Instructions for the task
Keep the images out and set the listing below down word for word.

Provided material
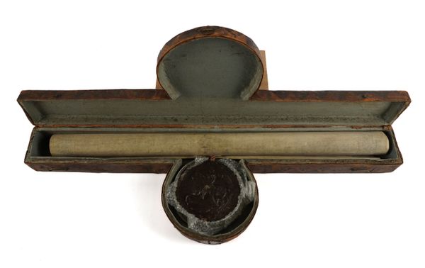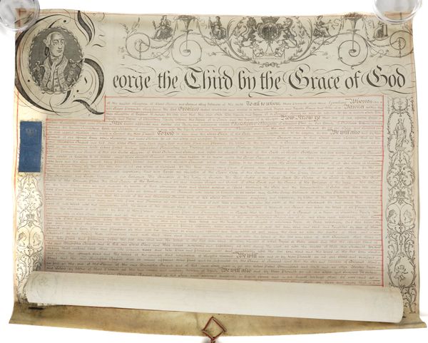 DOCUMENT ON VELLUM - Letters patent granting a baronetcy to Christopher Baynes of Harefield Place, Middlesex, on 2 sheets of vellum, with an engraved portrait of George III at the head of the first sheet, and engraved marginal decoration by J. Hawkins, rubricated, each sheet approximately 600 x 800mm., with a large circular wax seal, diameter 170mm., protected in a metal container, the whole contained in a shaped box, with clasps, [c.1801]. The Baynes Baronetcy was created for Christopher Baynes (1755-1837) on 29 June 1801. He was Major-Commandant of the Uxbridge Gentlemen and Yeomanry Cavalry, which he helped to raise. The title descended from father to son until the death of his great-great-grandson, the fifth baronet, in 1971, whereupon it succeeded to his first cousin, the sixth baronet.
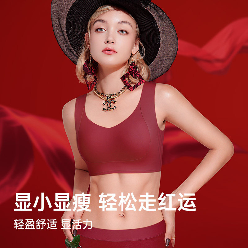 润微红色内衣套装提拉显小显瘦无痕文胸套装女马年本命年结婚新娘
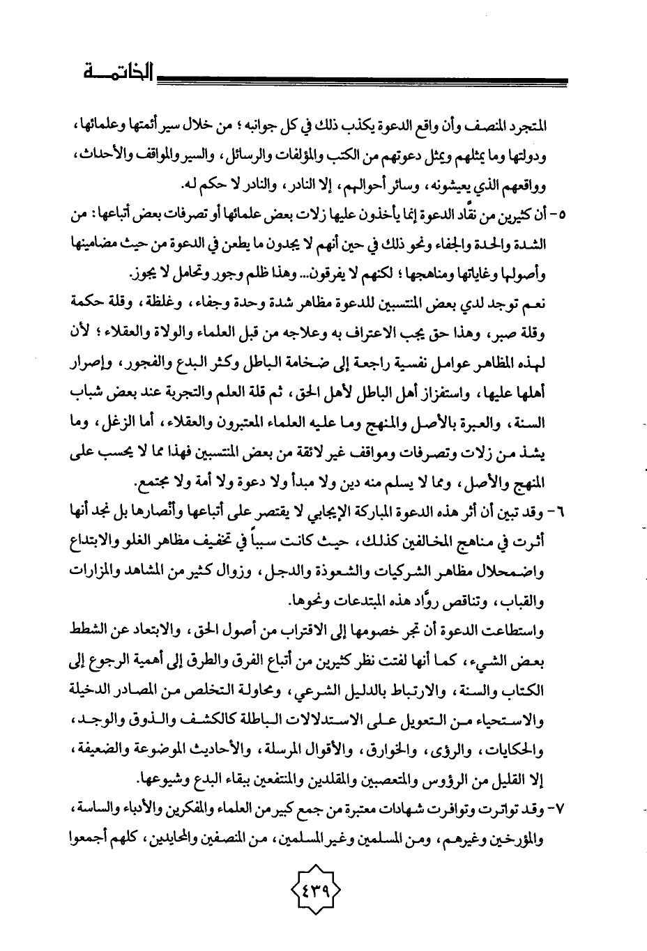 6 - وقد تبين أن أثر هذه الدعوة المباركة الإيجابي لا يقتصر على أتباعها وأنْصارها، بل نجد أنها أثرت في مناهج المخالفين كذلك، حيث كانت سببًا في تخفيف مظاهر الغلو والابتداع واضمحلال مظاهر الشركيات والشعوذة والدجل، وزوال كثير من المشاهد والمزارات والقباب، وتناقص روَّاد هذه المبتدعات ونحوها.

Reply to the task
 DOCUMENT ON VELLUM - Letters patent granting a baronetcy to Christopher Baynes of Harefield Place, Middlesex, on 2 sheets of vellum, with an engraved portrait of George III at the head of the first sheet, and engraved marginal decoration by J. Hawkins, rubricated, each sheet approximately 600 x 800mm., with a large circular wax seal, diameter 170mm., protected in a metal container, the whole contained in a shaped box, with clasps, [c.1801]. The Baynes Baronetcy was created for Christopher Baynes (1755-1837) on 29 June 1801. He was Major-Commandant of the Uxbridge Gentlemen and Yeomanry Cavalry, which he helped to raise. The title descended from father to son until the death of his great-great-grandson, the fifth baronet, in 1971, whereupon it succeeded to his first cousin, the sixth baronet.
 润微红色内衣套装提拉显小显瘦无痕文胸套装女马年本命年结婚新娘
 6 - وقد تبين أن أثر هذه الدعوة المباركة الإيجابي لا يقتصر على أتباعها وأنْصارها، بل نجد أنها أثرت في مناهج المخالفين كذلك، حيث كانت سببًا في تخفيف مظاهر الغلو والابتداع واضمحلال مظاهر الشركيات والشعوذة والدجل، وزوال كثير من المشاهد والمزارات والقباب، وتناقص روَّاد هذه المبتدعات ونحوها.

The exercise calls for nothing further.